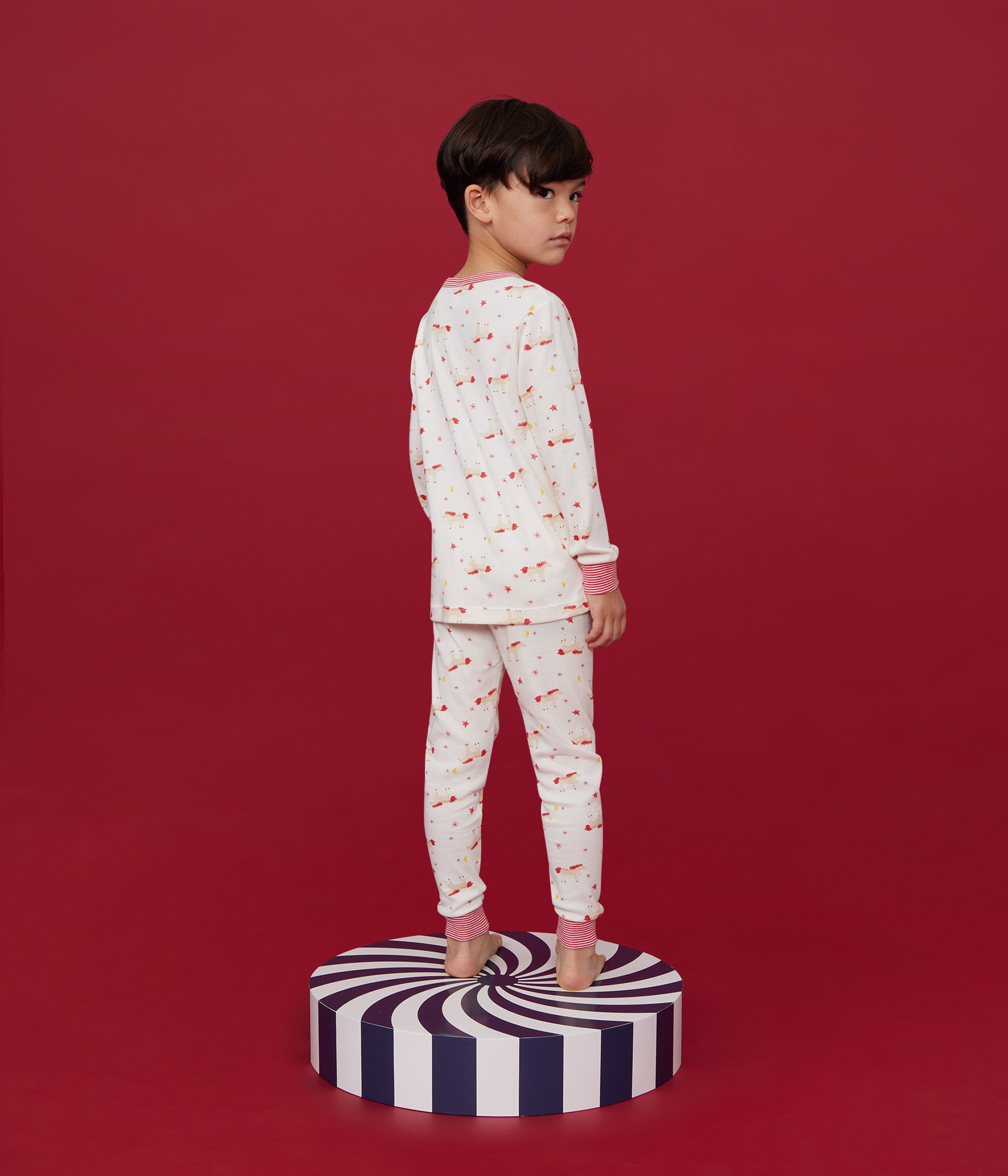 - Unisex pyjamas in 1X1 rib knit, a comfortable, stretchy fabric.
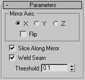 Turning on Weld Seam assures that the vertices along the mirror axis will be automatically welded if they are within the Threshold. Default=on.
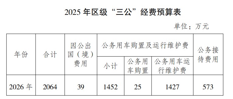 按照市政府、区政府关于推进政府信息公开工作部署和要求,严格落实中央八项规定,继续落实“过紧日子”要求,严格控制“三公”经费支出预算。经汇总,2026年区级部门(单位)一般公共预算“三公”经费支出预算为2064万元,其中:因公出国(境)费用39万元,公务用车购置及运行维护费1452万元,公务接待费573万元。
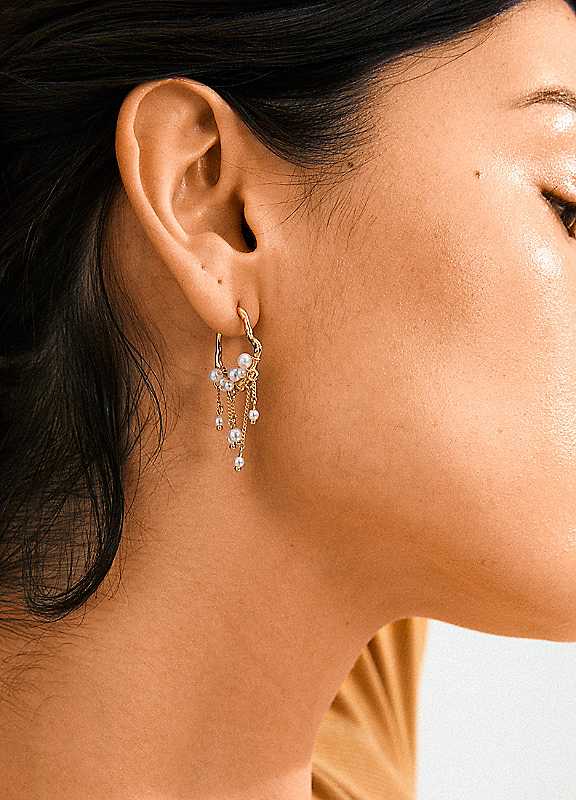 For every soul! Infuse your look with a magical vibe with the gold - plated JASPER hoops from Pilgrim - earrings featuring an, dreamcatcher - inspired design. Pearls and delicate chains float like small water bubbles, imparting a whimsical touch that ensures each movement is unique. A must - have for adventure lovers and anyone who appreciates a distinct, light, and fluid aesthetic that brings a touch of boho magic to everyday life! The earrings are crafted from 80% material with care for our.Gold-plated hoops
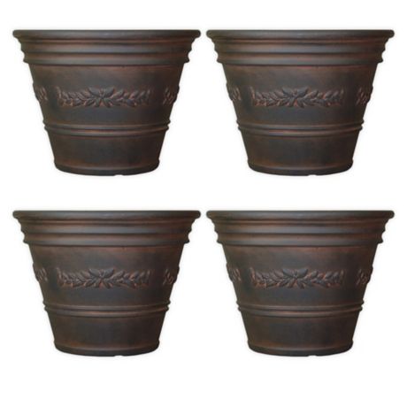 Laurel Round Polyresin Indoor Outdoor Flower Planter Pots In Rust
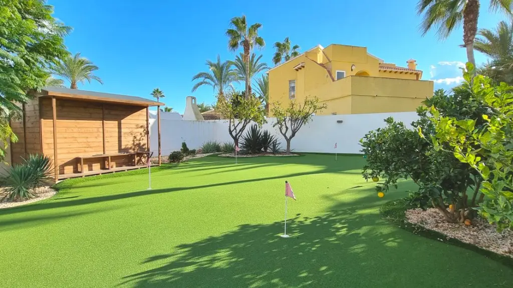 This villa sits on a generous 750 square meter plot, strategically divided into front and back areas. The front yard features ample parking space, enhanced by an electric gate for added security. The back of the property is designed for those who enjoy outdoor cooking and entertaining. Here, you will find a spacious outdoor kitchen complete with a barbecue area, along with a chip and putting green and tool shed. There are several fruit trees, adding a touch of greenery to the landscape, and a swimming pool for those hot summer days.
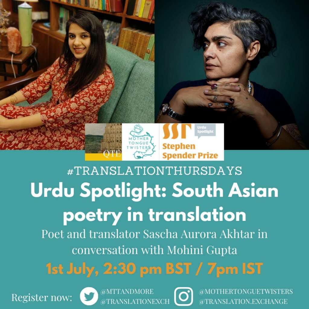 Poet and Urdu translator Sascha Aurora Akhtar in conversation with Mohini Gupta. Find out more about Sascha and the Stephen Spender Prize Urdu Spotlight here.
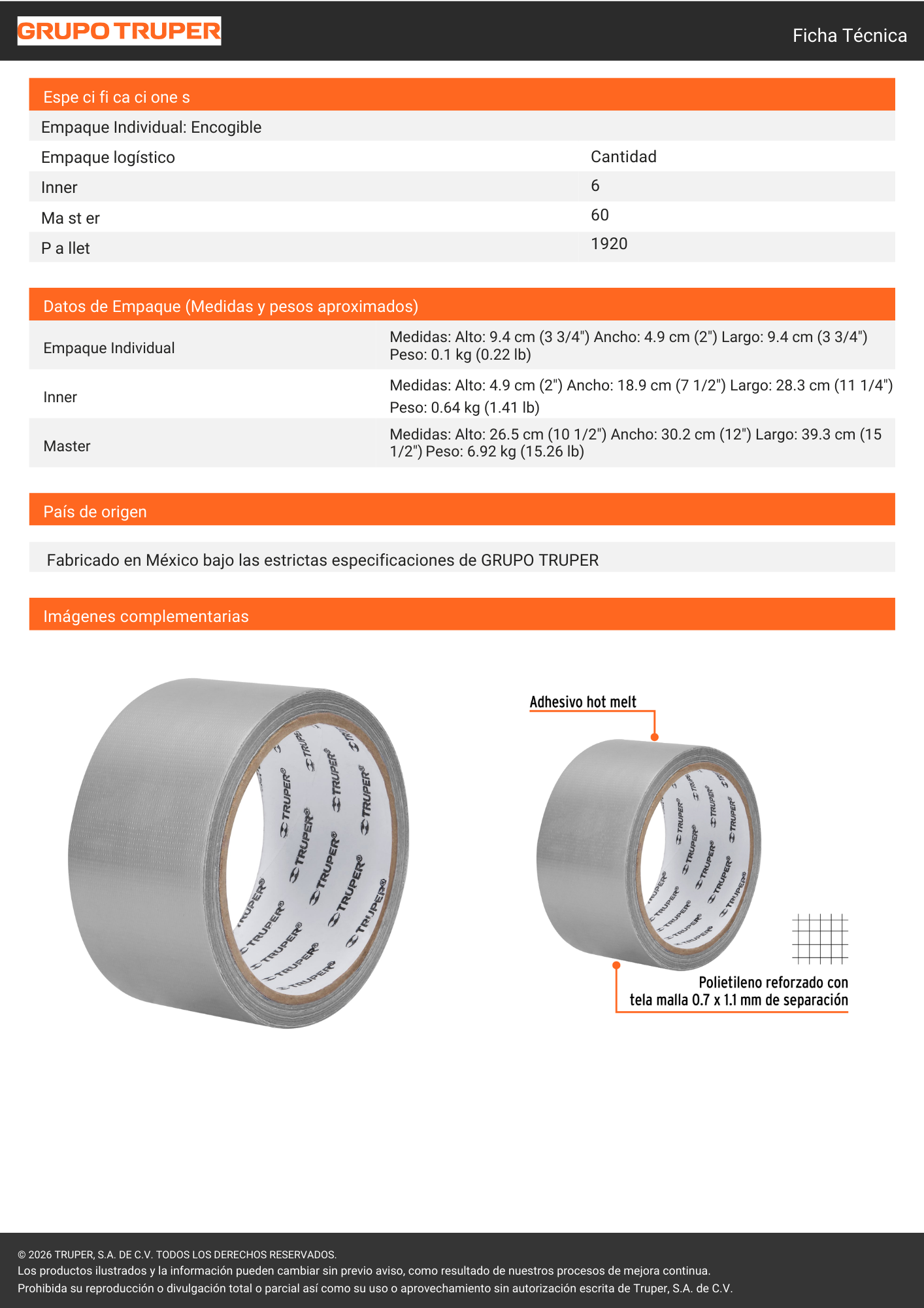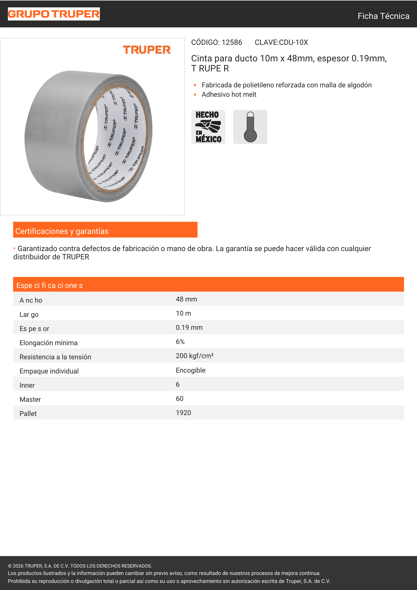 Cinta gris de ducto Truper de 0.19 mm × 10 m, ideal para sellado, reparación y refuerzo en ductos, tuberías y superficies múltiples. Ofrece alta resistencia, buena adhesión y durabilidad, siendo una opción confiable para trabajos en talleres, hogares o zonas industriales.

> Instructions to follow: Reproduce the material word for word, but without its images.

> Solution:
 - Unisex pyjamas in 1X1 rib knit, a comfortable, stretchy fabric.
 Turning on Weld Seam assures that the vertices along the mirror axis will be automatically welded if they are within the Threshold. Default=on.
 按照市政府、区政府关于推进政府信息公开工作部署和要求,严格落实中央八项规定,继续落实“过紧日子”要求,严格控制“三公”经费支出预算。经汇总,2026年区级部门(单位)一般公共预算“三公”经费支出预算为2064万元,其中:因公出国(境)费用39万元,公务用车购置及运行维护费1452万元,公务接待费573万元。
 For every soul! Infuse your look with a magical vibe with the gold - plated JASPER hoops from Pilgrim - earrings featuring an, dreamcatcher - inspired design. Pearls and delicate chains float like small water bubbles, imparting a whimsical touch that ensures each movement is unique. A must - have for adventure lovers and anyone who appreciates a distinct, light, and fluid aesthetic that brings a touch of boho magic to everyday life! The earrings are crafted from 80% material with care for our.Gold-plated hoops
 Laurel Round Polyresin Indoor Outdoor Flower Planter Pots In Rust
 This villa sits on a generous 750 square meter plot, strategically divided into front and back areas. The front yard features ample parking space, enhanced by an electric gate for added security. The back of the property is designed for those who enjoy outdoor cooking and entertaining. Here, you will find a spacious outdoor kitchen complete with a barbecue area, along with a chip and putting green and tool shed. There are several fruit trees, adding a touch of greenery to the landscape, and a swimming pool for those hot summer days.
 Poet and Urdu translator Sascha Aurora Akhtar in conversation with Mohini Gupta. Find out more about Sascha and the Stephen Spender Prize Urdu Spotlight here.
 Cinta gris de ducto Truper de 0.19 mm × 10 m, ideal para sellado, reparación y refuerzo en ductos, tuberías y superficies múltiples. Ofrece alta resistencia, buena adhesión y durabilidad, siendo una opción confiable para trabajos en talleres, hogares o zonas industriales.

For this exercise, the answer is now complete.